On 14 November, the examination began with Mr See's asking the Debtor for his current residential address to which he responded "31 Keswick Avenue, Castle Hill". He said that he and his wife rented those premises at a rent of some $2,000.00 a month, and that they had moved to that address since his previous examination on 26 September. He said that the property was owned by Nilwood and mortgaged to FAI, that Nilwood had purchased the property as recently as October 1994, and that he had again become a director of Nilwood on 26 October 1994. He said that he thought that Nilwood's purchase had occurred after that date.
The Debtor produced two share certificates showing that he held only 3,000 of the 100,000 issued shares in the capital of Nilwood, four pieces of paper from Citibank and three from the Hibernian Credit Union. He confirmed that these were the only documents which he had answering part 2 of the order for examination.
Questioned about the source of the funds of $40,000.00 offered to the Bank, he said that they were to come from "business associates" being his two co-directors of Nilwood, namely his wife Leslie Ann O'Sullivan and Robert Patrick Strange, who had agreed to advance him the money.

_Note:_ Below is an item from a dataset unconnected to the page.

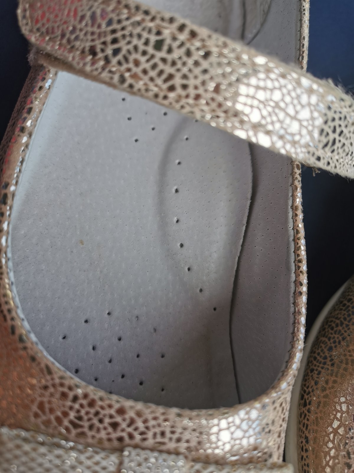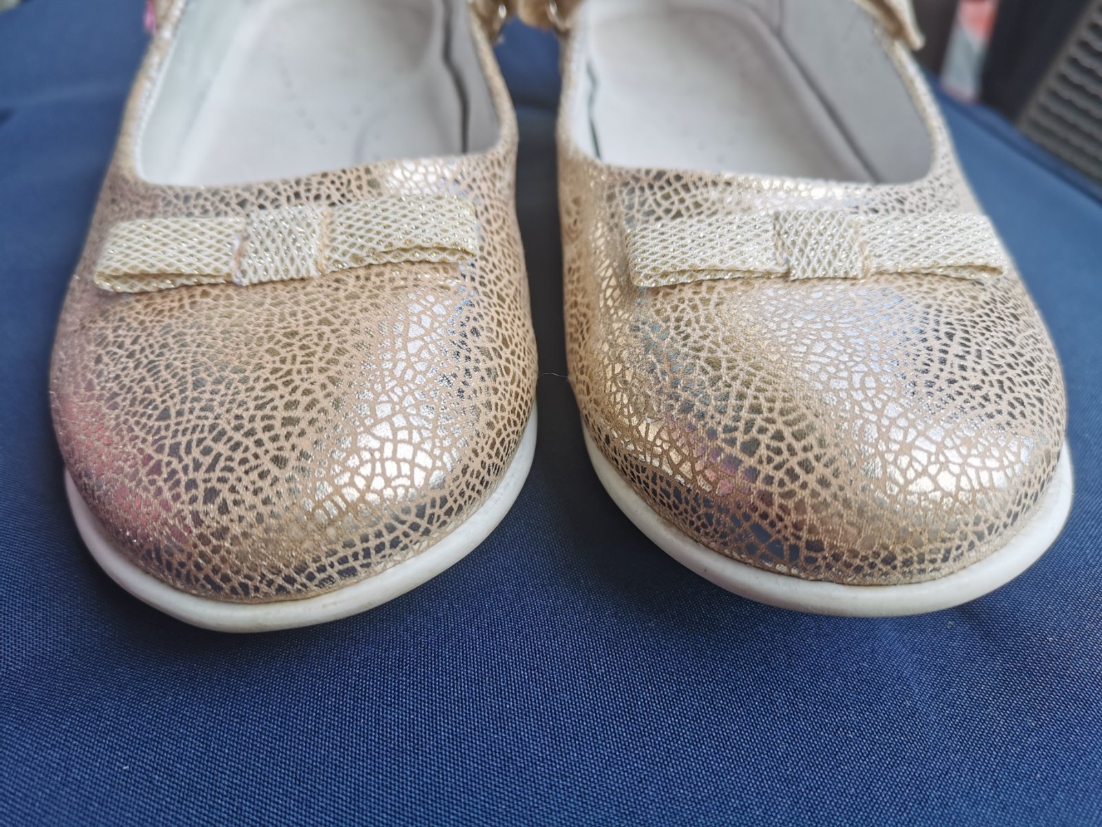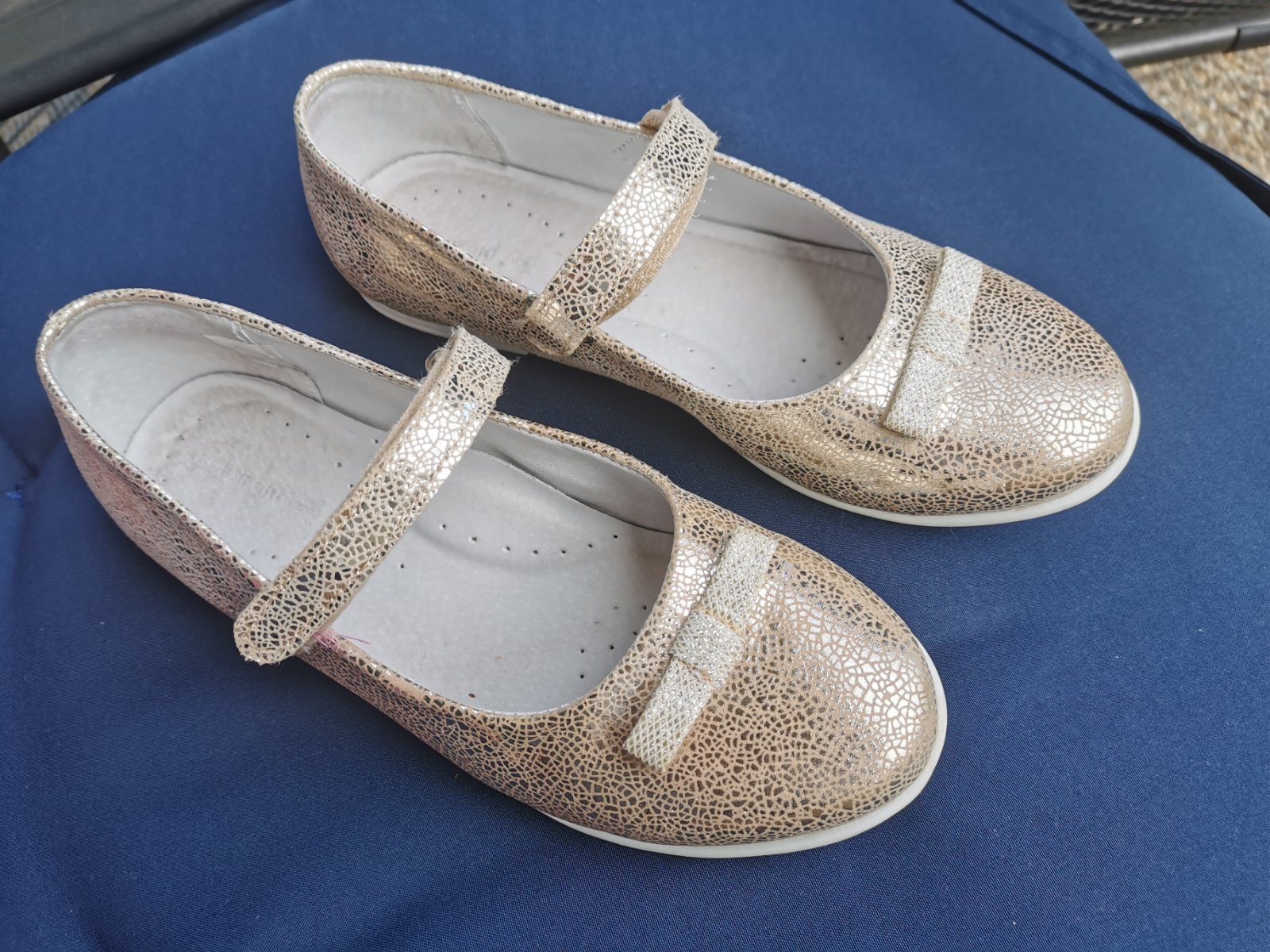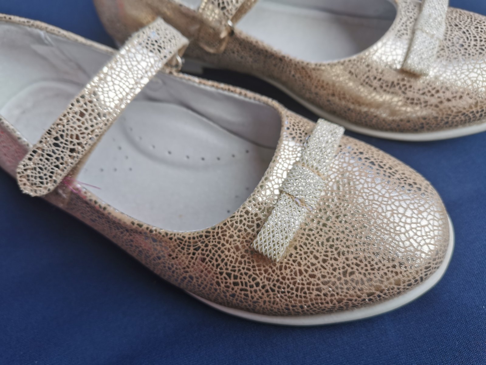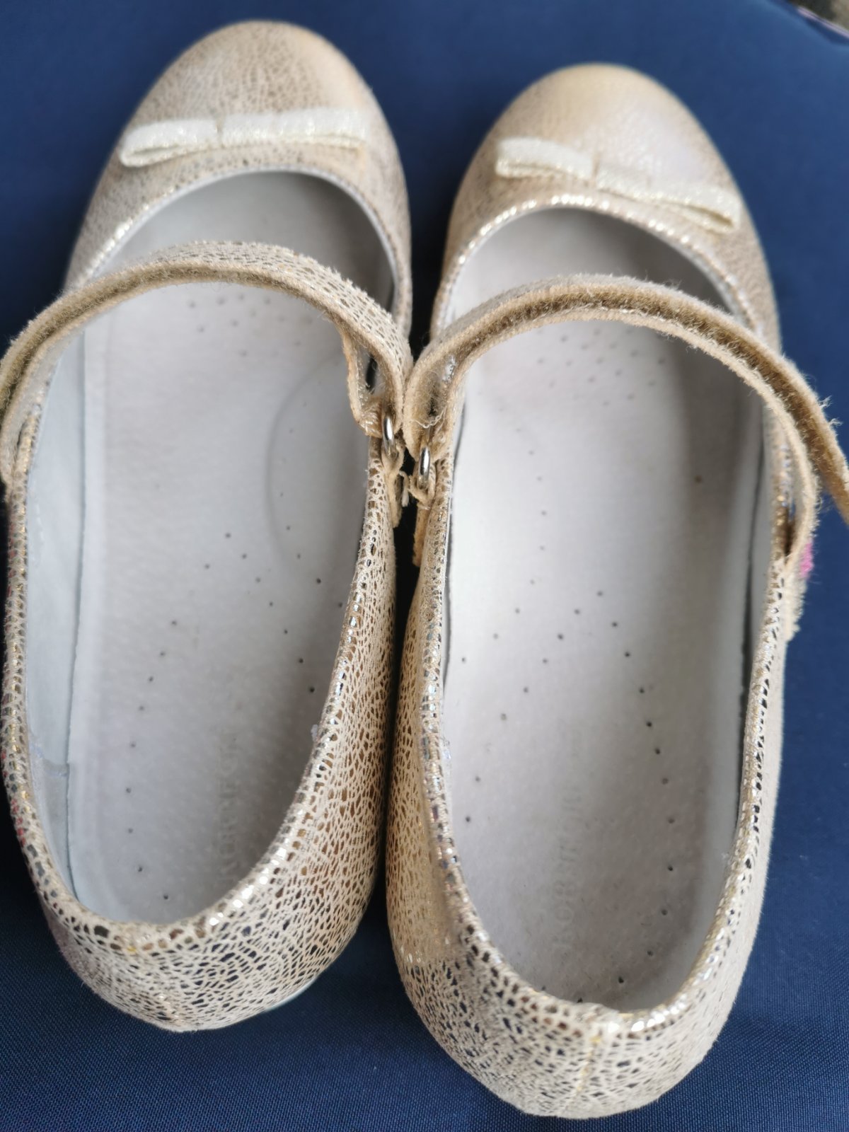 Krásne baleriny vo výbornom stave, uvedený materiál je ekologická koža, kožená tvarovaná stielka, zapínanie na suchý zips, vnútorná dĺžka je 23,5cm.

All in all, the further examination on 14 November was of a
kind to be expected in the light of the examination which had occurred on 26 September and of the subsequent events. Mr See took up with the Debtor the issue of his change of address which had been foreshadowed on 26 September, the paucity of the documents which had been produced, the question mark over the size of his shareholding in Nilwood, the general question of any changes in his financial circumstances since the examination on 26 September, and the question of the source of funds which had enabled him to make the recent offer to pay $40,000.00 to the Bank. That the examination occupied about 1/4 hour was also unremarkable, perhaps the more so because when it began the Prothonotary said that he would give Mr See ten minutes.

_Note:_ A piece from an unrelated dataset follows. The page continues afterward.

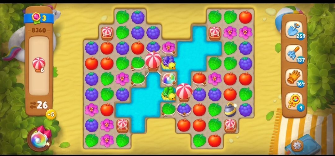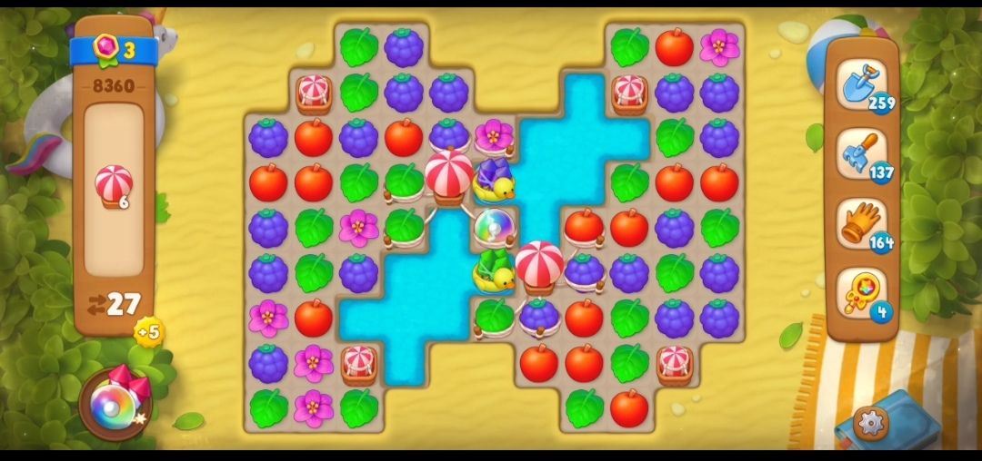 ③先清除线绑定在元素上的热气球,与热气球篮里被绳子绑住的元素进行交换,可以释放出热气球,每个热气球绑定5个元素。

I do not think that either taken individually or in combination, the sequence of events in the period 7 November to 14 November and the nature of the further examination on 14 November give rise to an inference that either the Bank or Abbott Tout required the further attendance of the Debtor on 14 November as a sham or subterfuge, concealing a real purpose of luring the Debtor to the Law Courts Building to be served with the bankruptcy notice. On the contrary, the evidence suggests that their intention was to question the Debtor about matters which one would expect them to wish to take up with him. Indeed, on one view it could be considered commendable that the question of the Debtor's solvency was explored one last time before the bankruptcy notice was served. No doubt the Bank would have been pleased not to serve the notice if
the examination on 14 November had revealed that the Debtor had sufficient means to pay or to secure his offer of payment. As it transpired, the further examination confirmed that the Bank had nothing more than the Debtor's unsecured promise to pay. As noted earlier, that unsecured offer of terms payment was rejected by Abbott Tout on 28 November 1994.
In summary, there was no abuse of process or dishonourable conduct in the Bank's and Abbott Tout's insistence on 8 November and thereafter that the Debtor attend for further examination on 14 November, and no abuse of process or dishonourable conduct in their procuring the issue of the bankruptcy notice on 10 November.